Death with Dignity?


     We’ve had to think a lot about end of life issues over the past four years.  Four years ago this week, my father died, and that same day my in-laws called out of the blue to tell us they had sold their house and were moving to Waco.  My father’s death was a terrible accident.  As a Type One diabetic, he suffered from dizzy spells and neuropathy (deadening of nerves in his extremities).  He frequently got dizzy after standing up and would hold on to a wall for a few minutes.  On the night of his accident, he was holding the wall and then suddenly blacked out, fell backwards (his knees locked because of the neuropathy) and crushed the back of his head. 

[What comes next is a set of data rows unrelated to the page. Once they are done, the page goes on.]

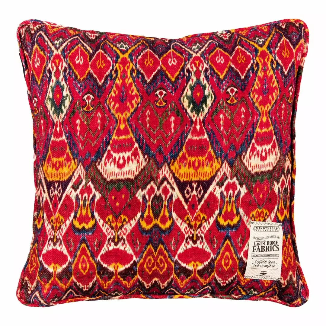 A multicolour design inspired by the tradition of handwoven Uzbekistan ikat silks with their bold colours and Nomadic patterns. Rich in reds and jewel tones, finished with assorted piping and 100% duck feather filling. Â Â
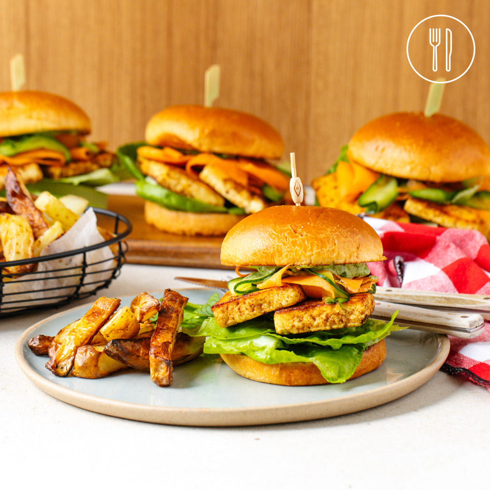 Spiced and golden paneer served in toasted brioche buns with pickled ribbon salad and mint aioli, paired with oven-baked potato chips.
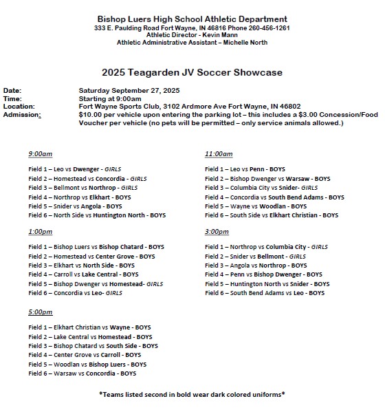 The Classic brings 30 of Indiana's best JV teams together for a day of soccer. The event is run in coordination with Bishop Luers High school. If interested in playing future events, please contact BLHS AD, Kevin Mann,
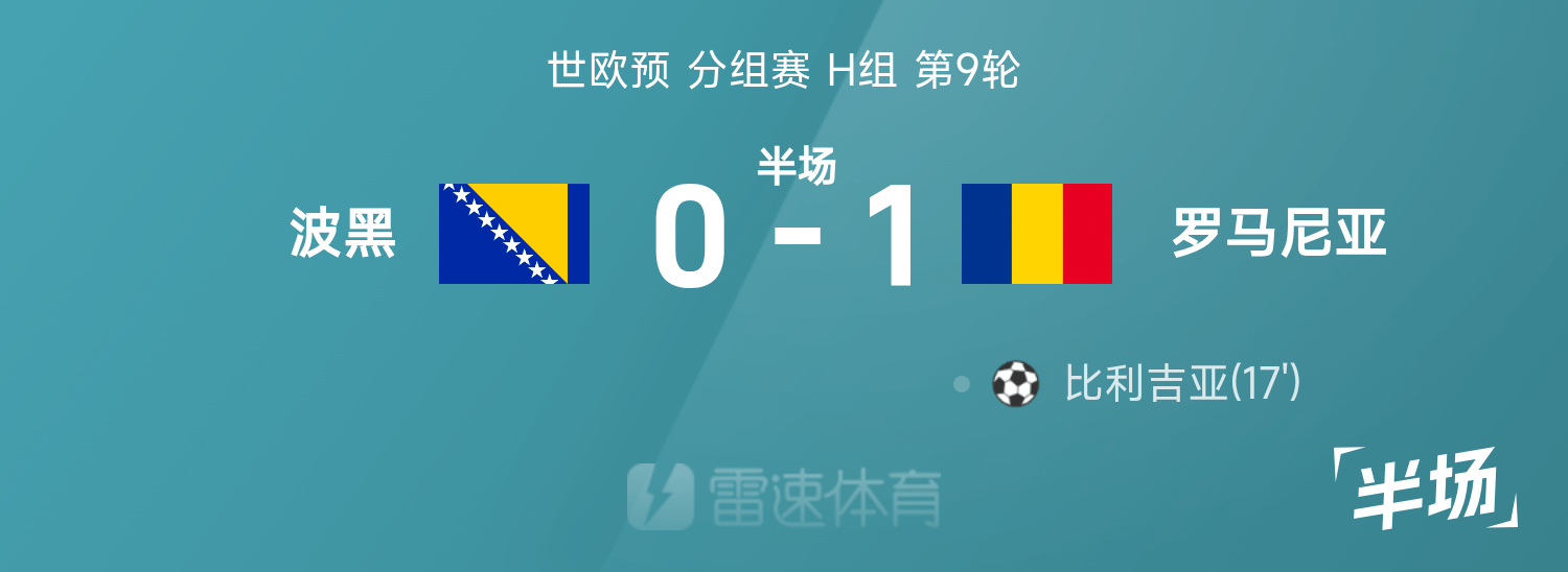 World Cup pre-half time: Bilighia scored, Romania temporarily 1-0 Bosnia and Herzegovina
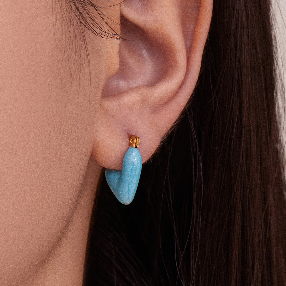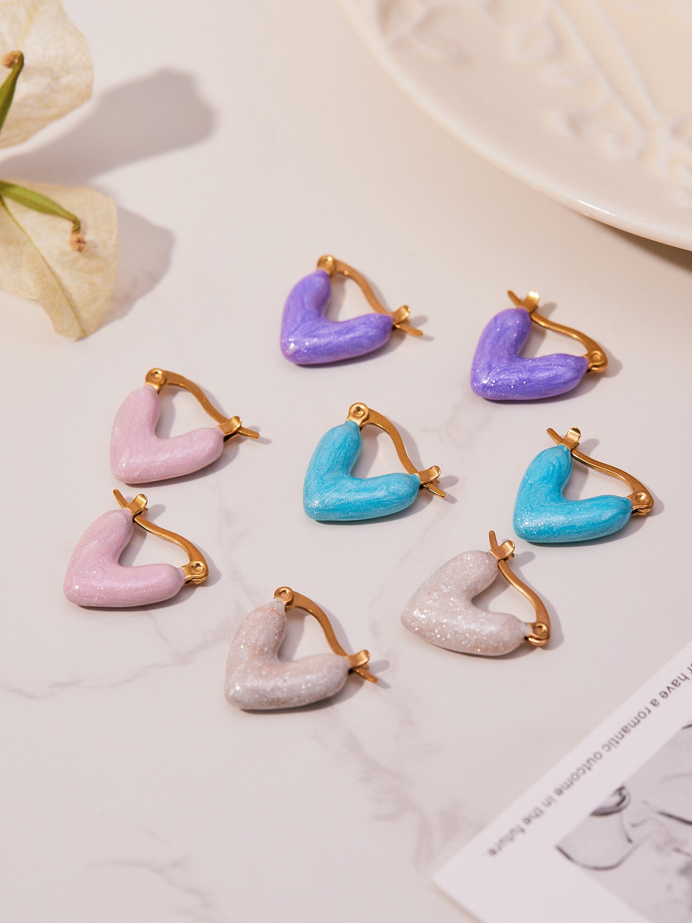 B廠【F924】ins跨境熱銷款不對稱滴油愛心耳環輕奢高質感耳扣鍍18k真金 25.11-2
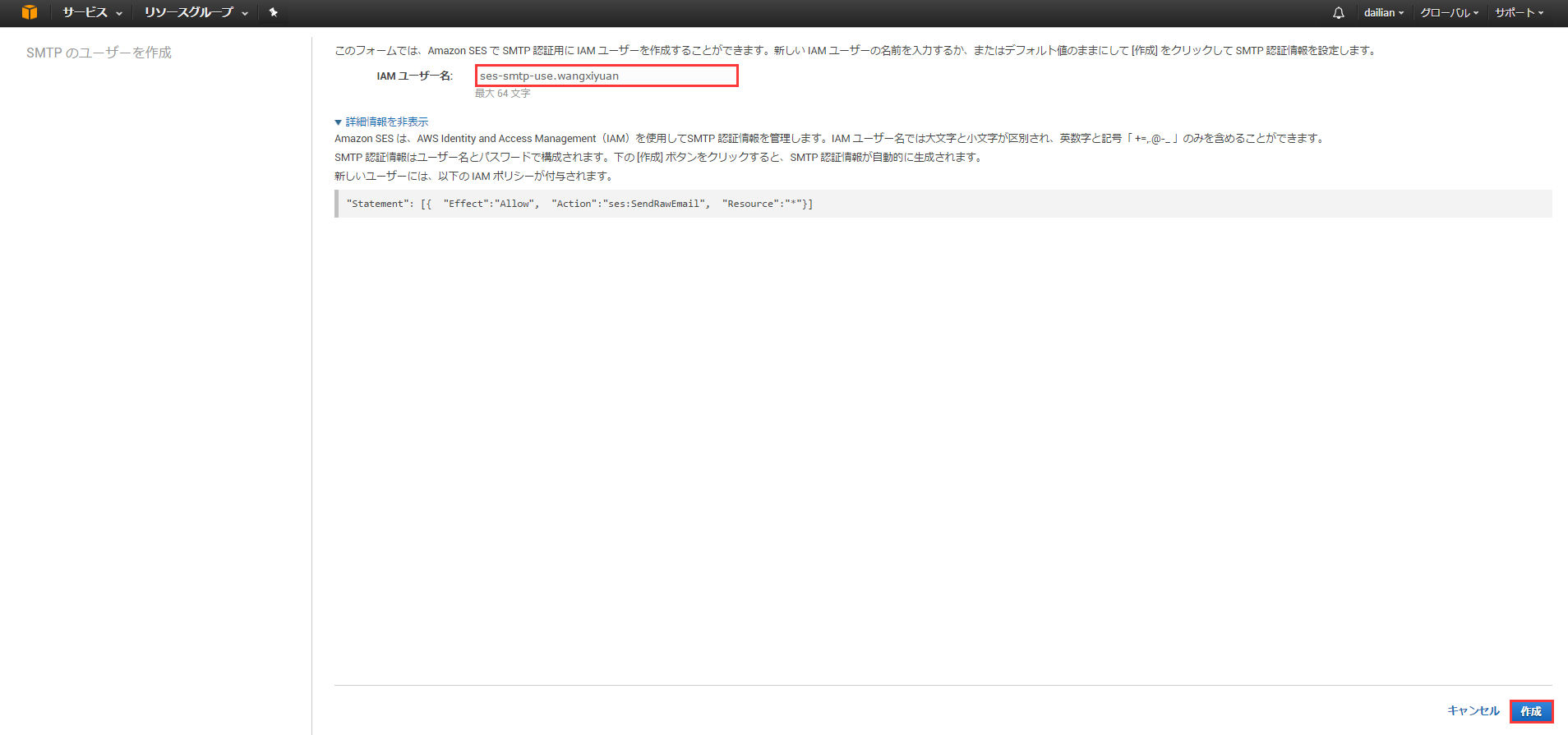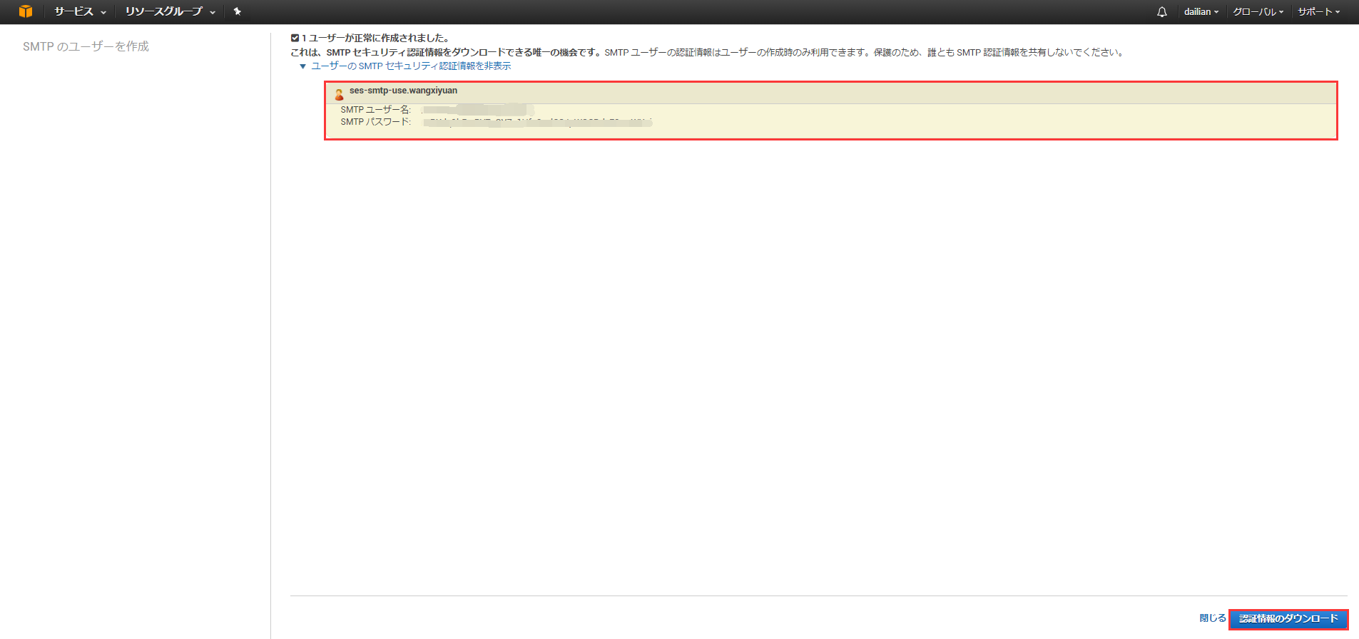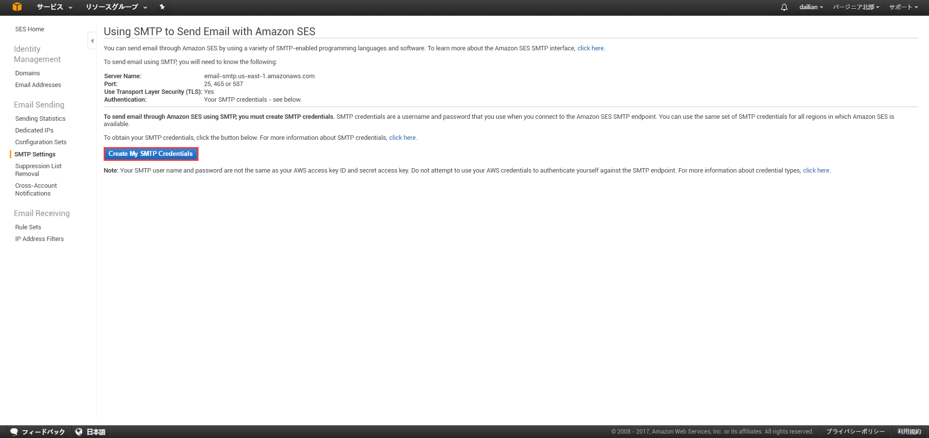 Create My SMTP Credentials(创建SMTP凭据) |

     His body did not die, but the neurologist said that his brain function probably ceased almost immediately.  My mother, my two brothers and I had no difficulty making the decision to pull the respiration tube and allow his body to go also.  My father had never wanted a lingering death, in fact, because his diabetes, he had always dreaded the likely possibility that he would deteriorate until he became completely dependent.  “Just put me away somewhere and don’t come visit,” he had always said.  A loving, honest man, he was also very proud.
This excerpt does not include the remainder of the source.